Is Gst waylandsink API the kind that it internally creates a new
wl_surface for itself and makes it a sub-surface of the given surface,
or is there an option to tell Gst to just push frames into a given
wl_surface?
If the former, then waylandsink is supposed to somehow give you an API
to set the sub-surface position and z-order wrt. its parent and
siblings. If the latter, you would create wl_subsurface yourself and
keep control of it to set the sub-surface position and z-order.
Either way, the optimal result is one top-level wl_surface, with one
sub wl_surface drawn by Gst, and no surfaces in between in the
hierarchy.
> Or maybe get waylandsinks subsurface and manipulate it behind
> waylandsinks back. Not sure what this will do to the Qt level though.

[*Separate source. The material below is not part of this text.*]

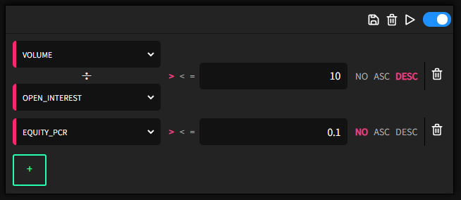 The above option alert query contains two sub-queries. You can add up to 20 sub-queries, but be aware that these are 'AND' queries. E.g. if you have two sub-queries, theta < -0.5 and gamma > 0.5, the system will look for options that fulfill both sub-queries at the same time. Thus, by adding more sub-queries, you further determine what options you look for and potentially decrease your total number of options you can find. 'OR' queries would be the other side, but this is not supported. Note that this limit of 20 sub-queries can be increased by contacting us.
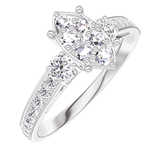 Inel Aur alb 9 carate - Cluster de diamante naturale Marquise echivalent 1 - Pietre laterale Diamant - Încrustare Diamant

> Using the QWidgets subsurface as its base should have allowed isolation
> to a degree between the Qt and wayland sink sub systems, its a much more
> modular approach.
You cannot punt between-components integration to Wayland. The
sub-surfaces design tried and failed, and as a result the sub-surface
protocol is both complex and insufficient. You still need explicit
communication between your client-side components when you resize.
> There is no documentation on this Wayland restriction in waylandsink or
> other places, I can try and feed this back.
>
> Oh for X11 !
Yeah, the blink of garbage when windows are resized, or the blue
colorkey following far behind when a window is moved.